Enacting Secular Utopia via Hidden Transcripts: Bengali Cultural Activism, Communism, and Contentious Aspirations for a “Secular” Society

Secularism and criticism of religion, including atheism, have long been highly contentious issues in Bangladesh. Even those who strongly aspire to and struggle for a “secular society” often choose, for various reasons, to avoid open criticism and activism around these issues. Instead, they often seek to enact their aspirations in more indirect ways, such as through engagement with communist politics or cultural activism. Why do people choose such indirect means of engaging with the issues that are so close to their hearts? And how have the ways in which aspirations are articulated and imagined changed over time and space? Taking the strong association between nonreligion, certain Bengali performative art genres, and communism as a starting point, this study investigates the dynamics of enacting secular politics via such more or less indirect forms. The research project is thus located at the intersection of the study of nonreligion and aspirational politics and addresses fundamental questions about the (im)possibilities of aspiring to and articulating socio-political projects, power structures, and moral orders.

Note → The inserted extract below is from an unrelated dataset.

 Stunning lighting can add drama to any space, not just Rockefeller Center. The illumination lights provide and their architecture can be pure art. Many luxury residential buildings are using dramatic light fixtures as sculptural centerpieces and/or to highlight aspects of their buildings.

Empirically, the research focuses on one of Bangladesh’s most significant communist cultural organisations, but it is informed also by my previous long-term ethnographic research on party politics and nonreligion in Sylhet. Based on ethnographic research among people who engage with that organisation at different places in Bangladesh, Calcutta, and London, as well as biographic interviews and archival sources, the project traces the above-mentioned tensions between the desire to fight for a secular society and to cultivate a critical stance towards certain forms of religiosity and a reluctance to address these issues explicitly. How have they changed over time and in relation to specific spaces and audiences? And how do they intersect with shifting local, national, and transnational configurations?

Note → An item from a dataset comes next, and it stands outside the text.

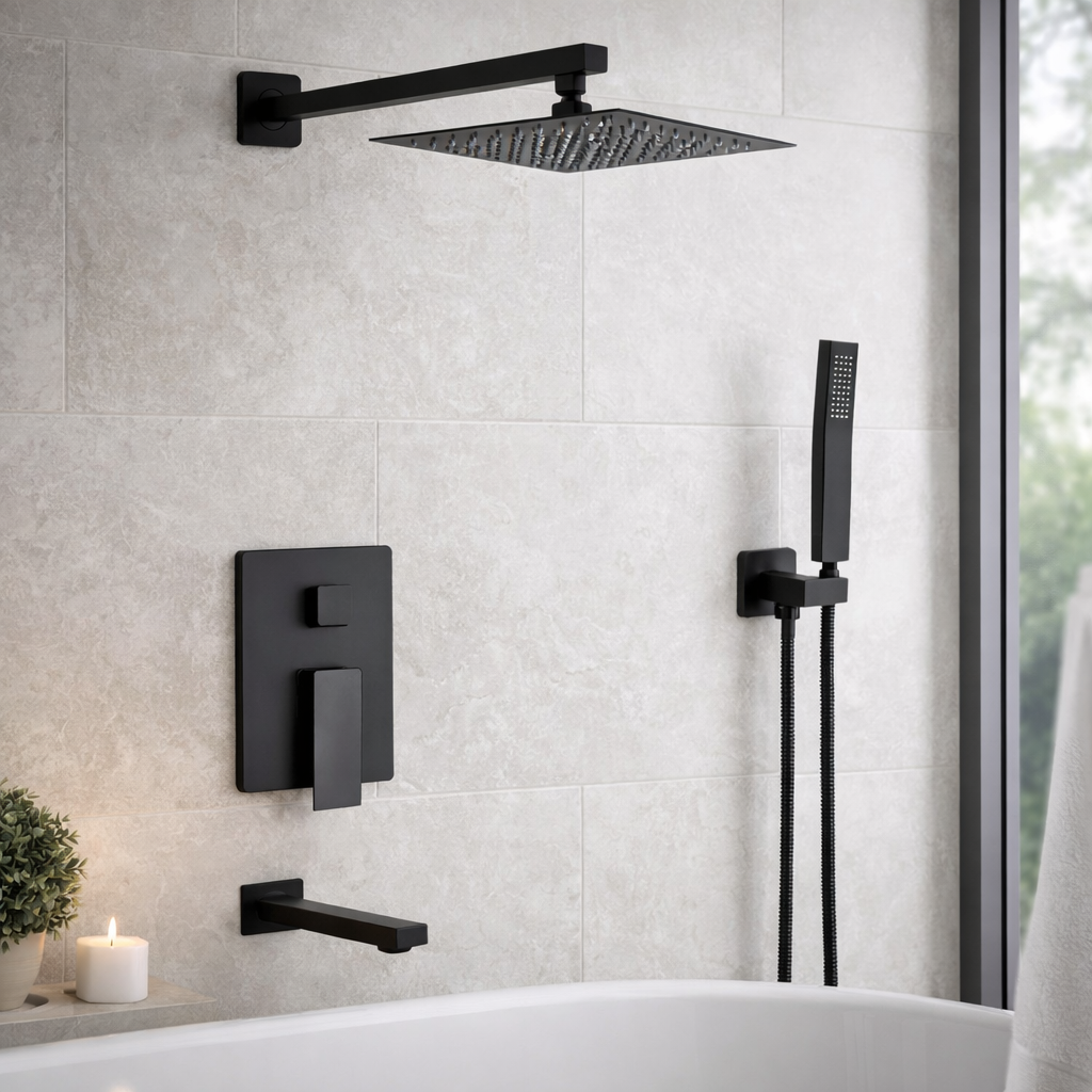 Το σετ ντους με μπαταρία μαύρο ματ αποτελεί ολοκληρωμένη λύση για σύγχρονο μπάνιο, συνδυάζοντας minimal αισθητική με πρακτική λειτουργικότητα. Το ματ φινίρισμα προσφέρει μοντέρνα εμφάνιση και αντοχή στη χρήση.

With its focus on situational shifts inspired by the extended-case-method, the research thus highlights diverse power structures and variations across space and time. At the same time, this study draws attention to questions about how aspirational politics and secular imaginations become activated, circulate, and are (or not) articulated. Thereby, it seeks to provide a detailed account of the particular form that politics and its mediations take in a specific context. It asks, for instance, when and why certain forms of performative arts and Bengali cultural genres became regarded as conducive for cultivating secular sentiments. How should we conceptualise the relationship between forms of embodiment and politics when the very object of aspiration is often avoided? Furthermore, the case demonstrates that certain aspirations, even when they lead to political action, might not target a general “public”; instead, they target very selective audiences or “publics” and are coupled with intense attempts to control public appearances. The research thus engages with the politics of identity, identification, and articulation by examining the significance of audiences and the conditions under which aspirational politics remain hidden or become public in the form of demands.

This project is part of the ERC project “Religion and its Others in South Asia and the World: Communities, Debates, Freedoms” (ROSA). It is headed by Jacob Copeman and funded by the EU European Research Council (ERC) under the European Union’s Horizon 2020 research and innovation programme (grant agreement No. 817959).